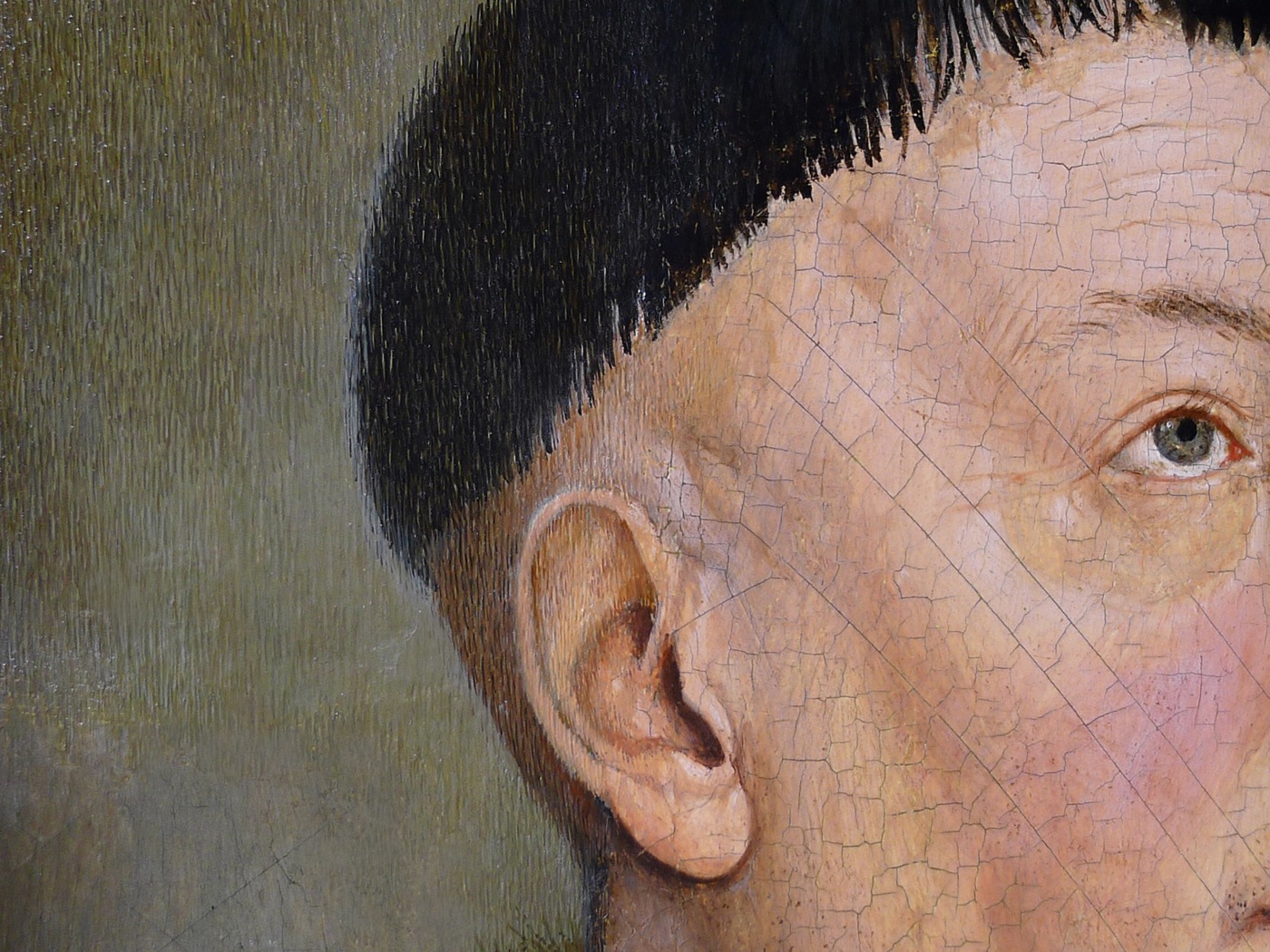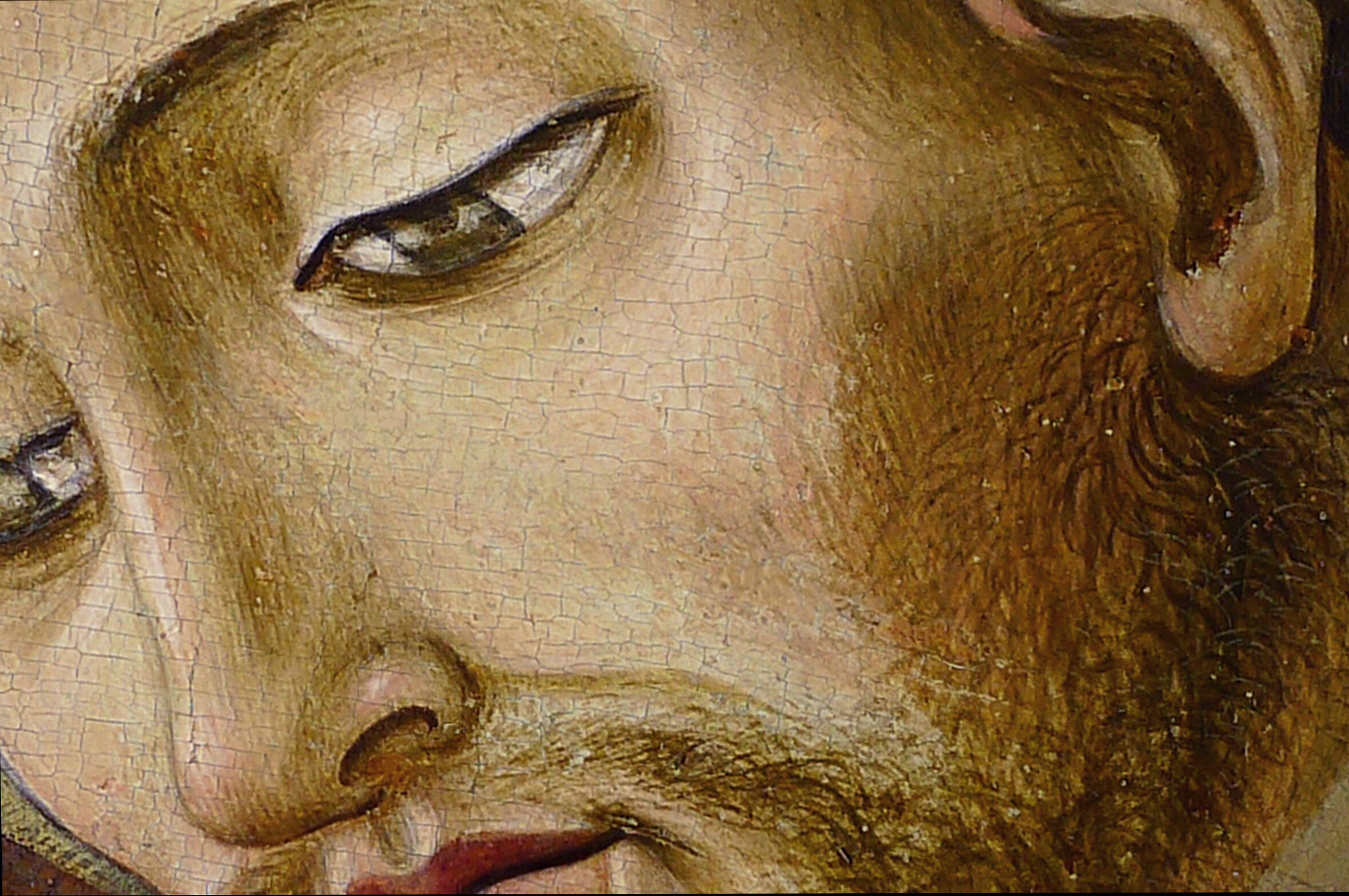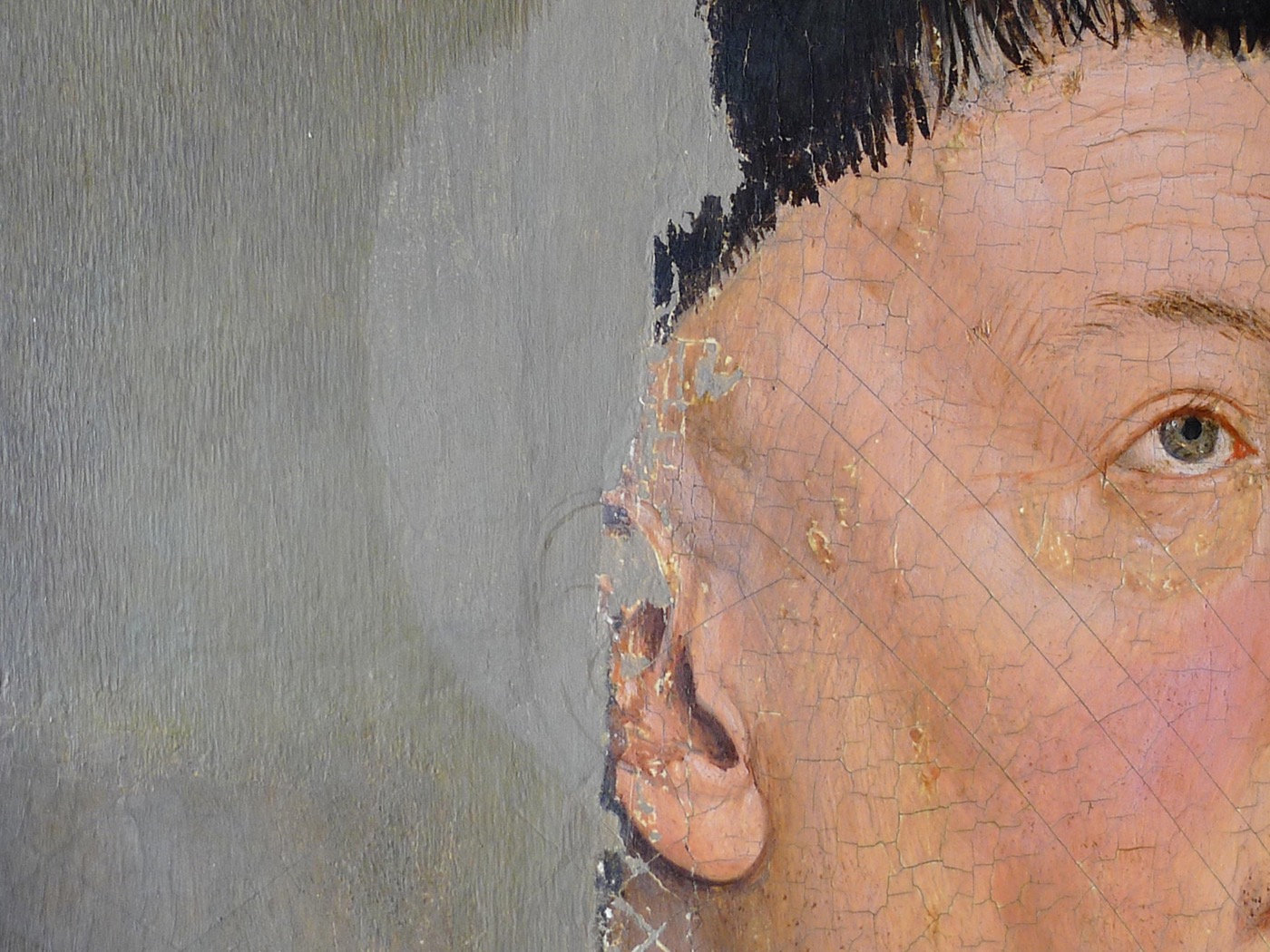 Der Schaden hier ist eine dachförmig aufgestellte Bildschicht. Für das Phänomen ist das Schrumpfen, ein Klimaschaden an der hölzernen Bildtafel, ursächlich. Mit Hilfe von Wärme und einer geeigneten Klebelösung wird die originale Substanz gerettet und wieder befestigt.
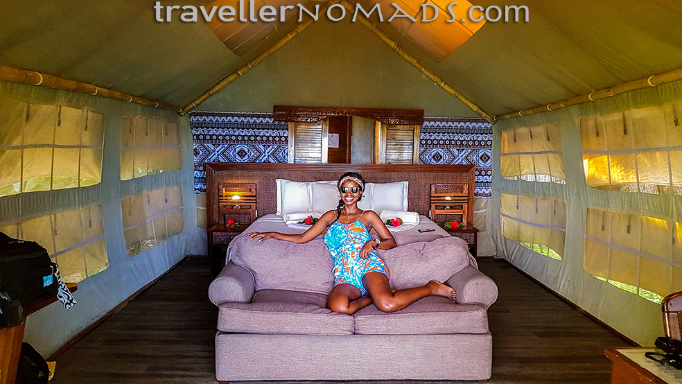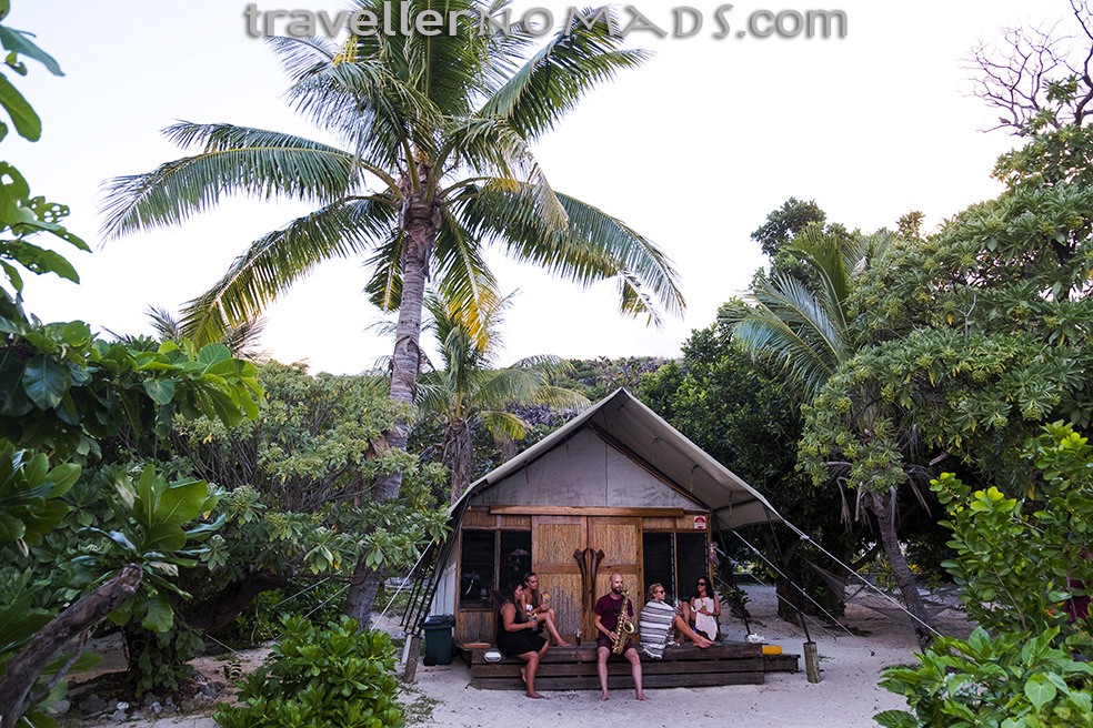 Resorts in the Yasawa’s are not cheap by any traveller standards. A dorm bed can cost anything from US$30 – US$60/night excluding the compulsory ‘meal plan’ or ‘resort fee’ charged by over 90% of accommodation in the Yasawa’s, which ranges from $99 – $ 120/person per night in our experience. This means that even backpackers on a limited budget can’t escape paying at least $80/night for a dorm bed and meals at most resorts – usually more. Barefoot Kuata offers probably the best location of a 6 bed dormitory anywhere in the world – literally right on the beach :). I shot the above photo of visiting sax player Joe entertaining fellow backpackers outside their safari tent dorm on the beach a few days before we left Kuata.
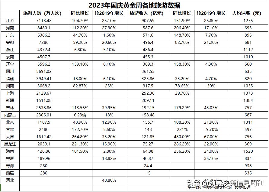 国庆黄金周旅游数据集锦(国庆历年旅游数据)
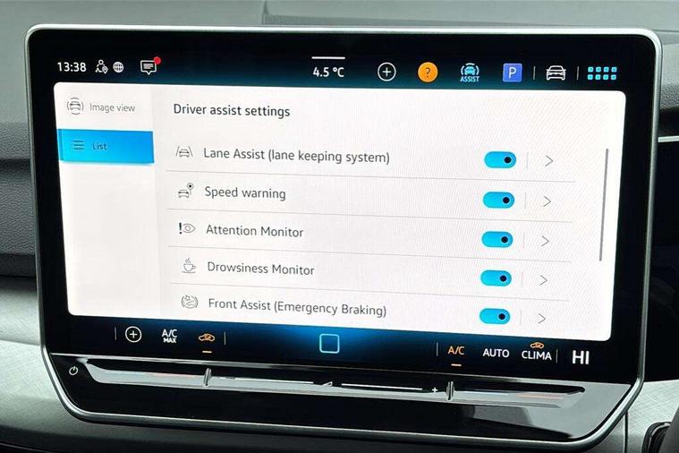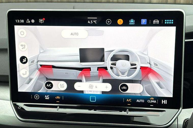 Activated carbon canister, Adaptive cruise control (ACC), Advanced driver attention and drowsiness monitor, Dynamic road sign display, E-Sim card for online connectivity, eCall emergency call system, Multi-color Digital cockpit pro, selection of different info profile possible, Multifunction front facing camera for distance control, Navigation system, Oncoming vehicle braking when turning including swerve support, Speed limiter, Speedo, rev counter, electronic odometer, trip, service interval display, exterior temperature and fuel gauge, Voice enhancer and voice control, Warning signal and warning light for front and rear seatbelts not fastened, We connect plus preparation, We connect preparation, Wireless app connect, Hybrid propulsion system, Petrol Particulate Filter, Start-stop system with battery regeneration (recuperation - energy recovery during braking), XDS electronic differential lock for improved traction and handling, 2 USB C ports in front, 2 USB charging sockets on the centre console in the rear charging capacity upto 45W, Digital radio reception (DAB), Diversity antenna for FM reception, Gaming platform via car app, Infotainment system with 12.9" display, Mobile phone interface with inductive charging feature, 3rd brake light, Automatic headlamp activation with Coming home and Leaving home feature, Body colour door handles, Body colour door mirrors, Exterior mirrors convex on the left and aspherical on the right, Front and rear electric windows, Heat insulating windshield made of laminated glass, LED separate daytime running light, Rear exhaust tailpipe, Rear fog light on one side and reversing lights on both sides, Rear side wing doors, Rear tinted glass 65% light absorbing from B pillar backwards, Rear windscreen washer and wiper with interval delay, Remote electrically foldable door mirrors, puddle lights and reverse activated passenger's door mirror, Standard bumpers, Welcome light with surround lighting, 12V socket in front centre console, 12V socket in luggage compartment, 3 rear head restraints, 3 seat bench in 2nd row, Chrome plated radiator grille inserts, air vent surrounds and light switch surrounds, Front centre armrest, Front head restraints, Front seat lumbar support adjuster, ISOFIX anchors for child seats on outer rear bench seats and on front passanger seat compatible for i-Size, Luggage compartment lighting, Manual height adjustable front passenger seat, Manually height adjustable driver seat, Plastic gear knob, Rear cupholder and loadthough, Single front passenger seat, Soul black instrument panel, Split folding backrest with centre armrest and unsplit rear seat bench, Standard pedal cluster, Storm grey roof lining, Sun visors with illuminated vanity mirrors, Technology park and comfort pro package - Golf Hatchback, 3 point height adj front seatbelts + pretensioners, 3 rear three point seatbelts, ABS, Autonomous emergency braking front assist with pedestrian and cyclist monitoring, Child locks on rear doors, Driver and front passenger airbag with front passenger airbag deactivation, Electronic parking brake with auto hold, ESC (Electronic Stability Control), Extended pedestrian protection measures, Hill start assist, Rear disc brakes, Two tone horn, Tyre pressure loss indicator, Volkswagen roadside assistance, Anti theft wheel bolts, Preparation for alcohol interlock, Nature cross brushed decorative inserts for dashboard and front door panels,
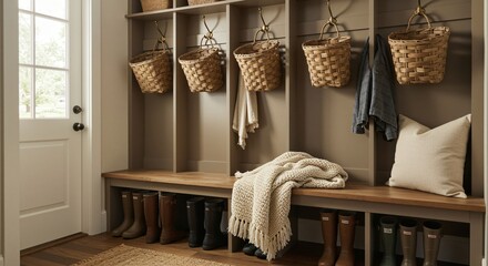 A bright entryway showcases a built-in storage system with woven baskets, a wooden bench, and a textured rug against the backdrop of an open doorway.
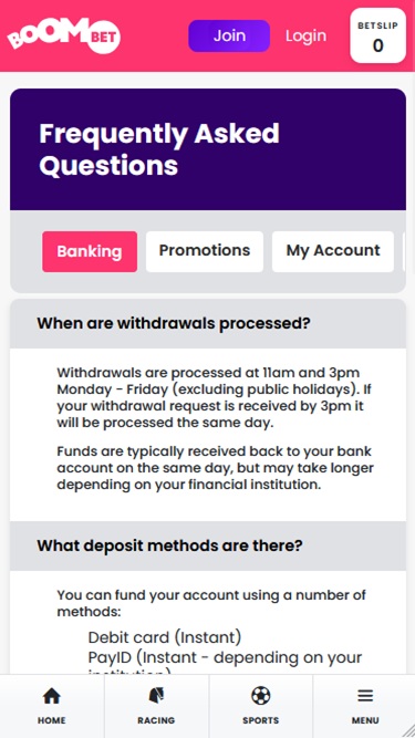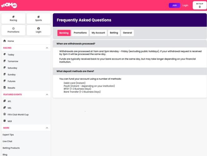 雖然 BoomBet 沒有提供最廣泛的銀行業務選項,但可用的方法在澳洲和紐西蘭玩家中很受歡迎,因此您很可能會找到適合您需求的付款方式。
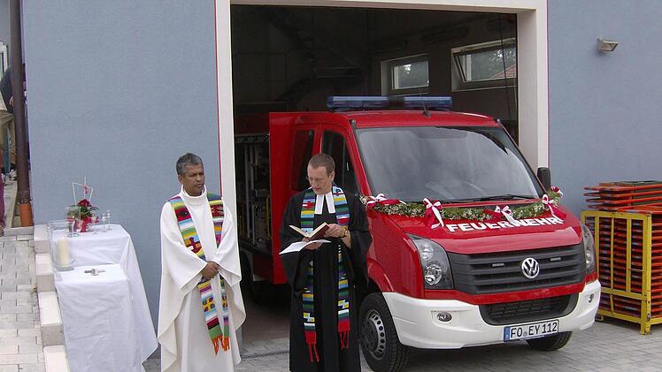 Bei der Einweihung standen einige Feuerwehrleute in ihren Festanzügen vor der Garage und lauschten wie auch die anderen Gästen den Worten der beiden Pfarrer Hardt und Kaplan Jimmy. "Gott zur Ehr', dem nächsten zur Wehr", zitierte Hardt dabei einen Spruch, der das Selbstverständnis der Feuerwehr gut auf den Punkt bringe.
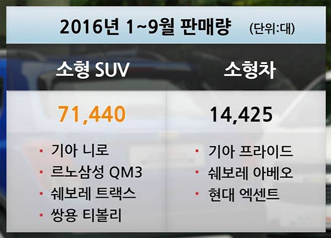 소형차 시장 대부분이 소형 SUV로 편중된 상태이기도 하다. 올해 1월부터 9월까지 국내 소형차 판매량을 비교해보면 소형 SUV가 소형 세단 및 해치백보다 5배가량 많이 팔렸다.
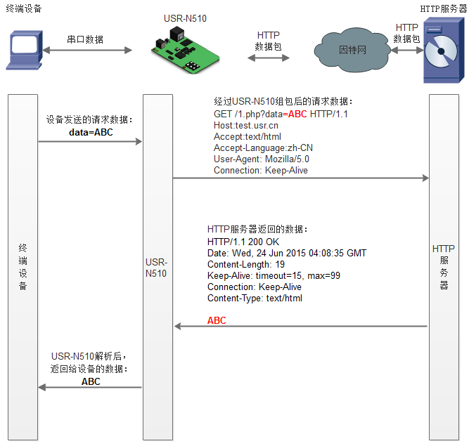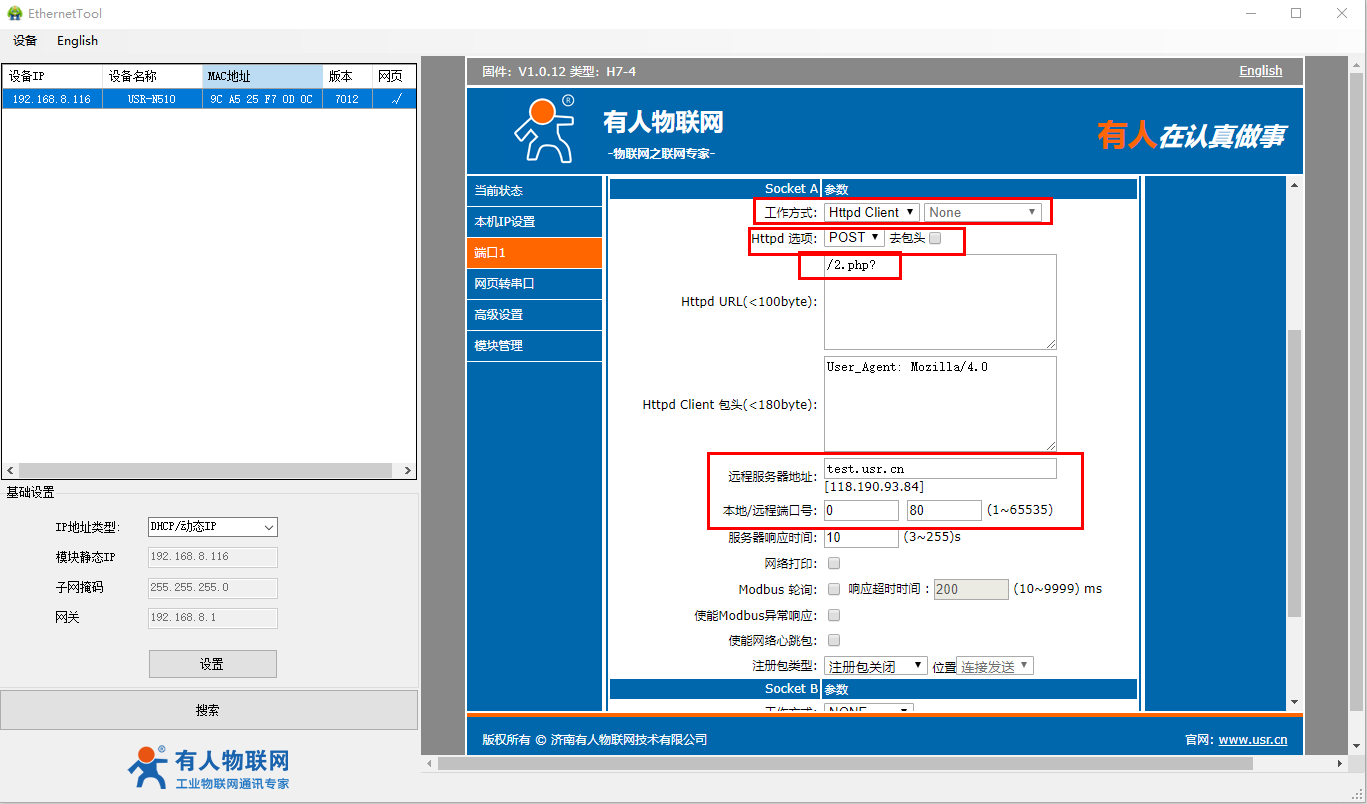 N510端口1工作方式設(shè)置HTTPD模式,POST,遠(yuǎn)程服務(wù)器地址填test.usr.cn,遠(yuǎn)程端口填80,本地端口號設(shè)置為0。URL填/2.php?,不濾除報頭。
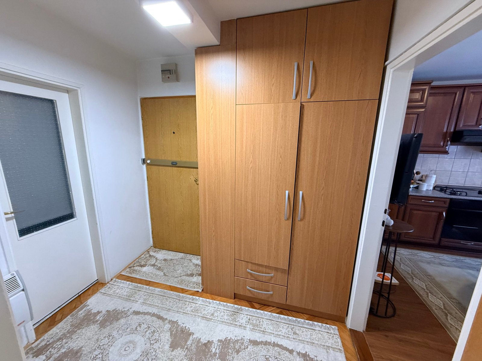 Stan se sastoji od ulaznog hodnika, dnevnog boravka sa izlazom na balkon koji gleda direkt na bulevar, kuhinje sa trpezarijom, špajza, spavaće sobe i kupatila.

> **What you have to do**: Output nothing except the lines from the one containing "A bright entryway" through the final line of the entries, repeated exactly and free of pictures.

> **Your response**:
 A bright entryway showcases a built-in storage system with woven baskets, a wooden bench, and a textured rug against the backdrop of an open doorway.
 雖然 BoomBet 沒有提供最廣泛的銀行業務選項,但可用的方法在澳洲和紐西蘭玩家中很受歡迎,因此您很可能會找到適合您需求的付款方式。
 Bei der Einweihung standen einige Feuerwehrleute in ihren Festanzügen vor der Garage und lauschten wie auch die anderen Gästen den Worten der beiden Pfarrer Hardt und Kaplan Jimmy. "Gott zur Ehr', dem nächsten zur Wehr", zitierte Hardt dabei einen Spruch, der das Selbstverständnis der Feuerwehr gut auf den Punkt bringe.
 소형차 시장 대부분이 소형 SUV로 편중된 상태이기도 하다. 올해 1월부터 9월까지 국내 소형차 판매량을 비교해보면 소형 SUV가 소형 세단 및 해치백보다 5배가량 많이 팔렸다.
 N510端口1工作方式設(shè)置HTTPD模式,POST,遠(yuǎn)程服務(wù)器地址填test.usr.cn,遠(yuǎn)程端口填80,本地端口號設(shè)置為0。URL填/2.php?,不濾除報頭。
 Stan se sastoji od ulaznog hodnika, dnevnog boravka sa izlazom na balkon koji gleda direkt na bulevar, kuhinje sa trpezarijom, špajza, spavaće sobe i kupatila.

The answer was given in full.